Paul Lewis/WASHINGTON

2706

Northrop Grumman has won a $1.3 billion multi-year procurement contract for 22 new improved E-2C Hawkeye 2000s for the US Navy and France. The deal secures continued production of the turboprop airborne early warning (AEW) aircraft through to early 2006.

The five-year contract covers 21 of the Hawkeye 2000 version of the E-2C for the US Navy and a single aircraft for the French navy to be supplied under a US Foreign Military Sales agreement. The order will keep the E-2 production line open beyond the mid-2001 delivery of the last of five Group 2 aircraft being built for the US Navy.

Northrop Grumman's Melbourne, Florida, plant is due to deliver the first Hawkeye 2000 to the USN in October 2001 and the final aircraft in the first quarter of 2006. The multi-year order calls for four aircraft to be delivered in 2002, and then at a rate of five a year from 2003-5. The aircraft will equip five US Navy squadrons.

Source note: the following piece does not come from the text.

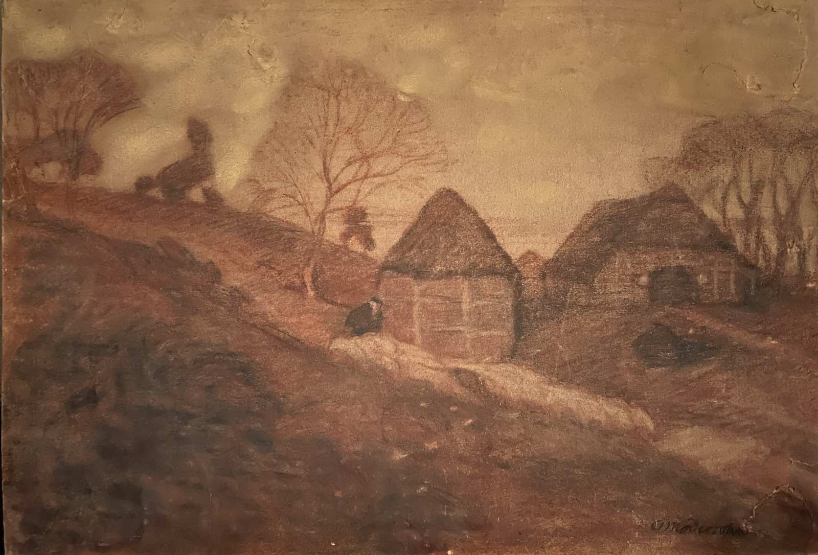 Vor allem findet er Anstoß und Inspiration in der Schule von Barbizon. Maler wie Jean-Baptiste Camille Corot (1796 – 1875) Théodore Rousseou (1812 – 1867), all jene die in der ersten Hälfte des 19 Jahrhunderts, die Landschaft und das Malen unter freiem Himmel für sich entdeckten, nehmen starken Einfluss auf Otto Modersohn. Reisen, wie beispielsweise 1886 in den Harz, 1888 mit dem Studienfreund Fritz Mackensen (1866 – 1953) durch Westfalen, schulen seine Naturbeobachtung. Das frühe Werk umfasst kleinformatige Freilichtstudien in Öl oder Bleistift, von naturalistischer Detailgenauigkeit und einer gedämpften, zurückhaltenden Farbigkeit. Nach einem weiteren Studium an der Kunstakademie Karlsruhe über den Winter 1888/89, folgt er erstmals Mackensen in das niedersächsische Dorf Worpswede. Mit Hans am Ende (1864 – 1918), den er von München her kennt, entschließen sie sich im Herbst 1889 zum dauernden Aufenthalt auf dem Land. Sie gründen die Worpsweder Malervereinigung, der sich später Carl Vinnen (1863 – 1922), Fritz Overbeck (1869 – 1909) und Heinrich Vogeler (1872 – 1942) anschließen. In den ersten Worpsweder Jahren setzt Otto Modersohn seine Freilichtmalerei fort, wobei er ausdrücklich Bezug und Anregung in der Schule von Barbizon findet.

The single Hawkeye 2000 for France, scheduled for delivery in 2003, will be its third following the delivery of one E-2C in December last year and a second last month. The French navy plans to upgrade the first two AEW aircraft to a similar standard to the third and has a long-term requirement for a fourth E-2C to support its new aircraft carrier, the Charles de Gaulle.

The enhanced Hawkeye 2000 incorporates a new open architecture mission computer upgrade (MCU), advanced controller indicator set (ACIS) stations with enlarged 500mm (20in) displays, co-operative engagement capability (CEC) with data distribution system, satellite communications and improved cooling. It is planned to upgrade 54 Group 2 aircraft to Hawkeye 2000s, starting in around 2003-4.

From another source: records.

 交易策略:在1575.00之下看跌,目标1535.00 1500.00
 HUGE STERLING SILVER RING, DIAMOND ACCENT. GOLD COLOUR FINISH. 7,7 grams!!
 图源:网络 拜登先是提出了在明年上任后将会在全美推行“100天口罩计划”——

Northrop Grumman is retrofitting five E-2C Group II aircraft with the first MCU and ACIS elements of the full Hawkeye 2000 package. Two aircraft have been delivered to NAS Patuxent River, Maryland, for evaluation, with the other three to follow by July. Technical evaluation at Point Mugu will start in August and operational evaluation in October.

CEC [?] is the second major element of the Hawkeye 2000 upgrade and has been under test since April last year. The system ties the E-2C system in with other airborne sensors, satellites or shipboard radars, including the US Navy's phased-array Aegis system.

The MCU and CEC provide a building block for more advanced infrared and electronically scanned radar sensors that are being considered for the proposed follow-on Future Hawkeye.